I shifted, my body folding in on itself in the strangest way. It was all light and air, flicking a switch and whoosh, gone dragon; hello, human body. Much smaller now, the snow and ice that had collected against my body began to collapse, though some of it remained upright like a strange igloo around where my front paws and chest had been.
Almost, I didn’t look at Bianca but walked off into the woods, out of her way. It was very tempting to do that, avoid the confrontation and just… disappear. She was still standing on my porch, though, hands on her hips, mouth open in shock, her ice-blue eyes locked on my face. Ah, right. I’d taken off the helmet last night, so she was now able to see the horns rising from my forehead.

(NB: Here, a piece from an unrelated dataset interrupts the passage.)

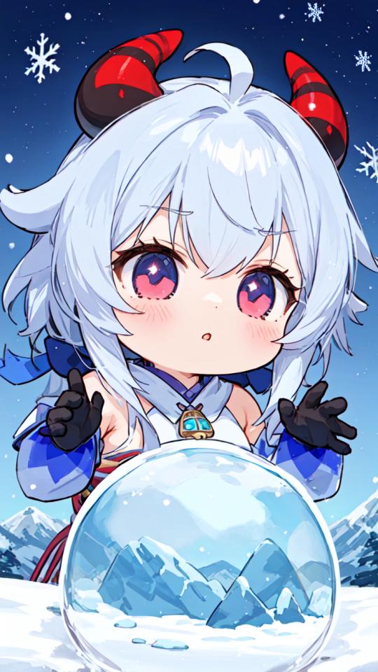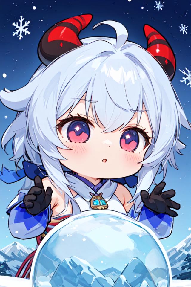 Prompt <lora:ganyu2:0.9> ganyudef, upper body,red horns, ((aesthetic heroic pose)), ( depth of field), majestic, powerful, focused,parted lips,cute, night, snow, snowflakes, wind, (giant frozen ice orb) above her head, snowy mountains,

Most shifters could completely transform themselves to hide their alter ego—especially dragons. My kind was supposed to be extremely good at concealing our true nature. Unfortunately, they’d passed me over when it came to that skill. Not only could I not control my ice powers—risking freezing people if they got too close—but I also couldn’t pull all of my more dragon-like traits beneath the surface. My skin stayed a bit too blue, my eyes a bit too reptilian, and my horns? They just shrank to fit my human head, but that was it.
She was bold enough to meet my gaze without flinching, without lobbing questions or saying stupid things. It felt like she was simply waiting for me to make the first move. I hated that, and it made me surly. All I did was hide, make my art and my furniture, and read my books. I knew absolutely nothing about conversation, let alone giving a human the “talk.”
So, of course, what came out of my mouth was the stupidest thing ever: “Are you hungry?” Like that was important at a time like this. Her stomach was the last thing she’d be thinking about. After facing a real dragon, she had probably lost all appetite. Actually, maybe she thought I wanted to eat her for breakfast now—which I did, just not in the way she was probably thinking. I was pretty certain that spreading her on my table and feasting between her thighs was out of the question, for now. Forever.
Her answer, when it came, was softly spoken. Like she wasn’t quite sure she was saying it out loud. The smile, though, was genuine, spreading like a sunrise over her face. “Breakfast with a dragon? I can do that.” Then, after a startled pause: “Tell me I’m not crazy? Tell me your name?”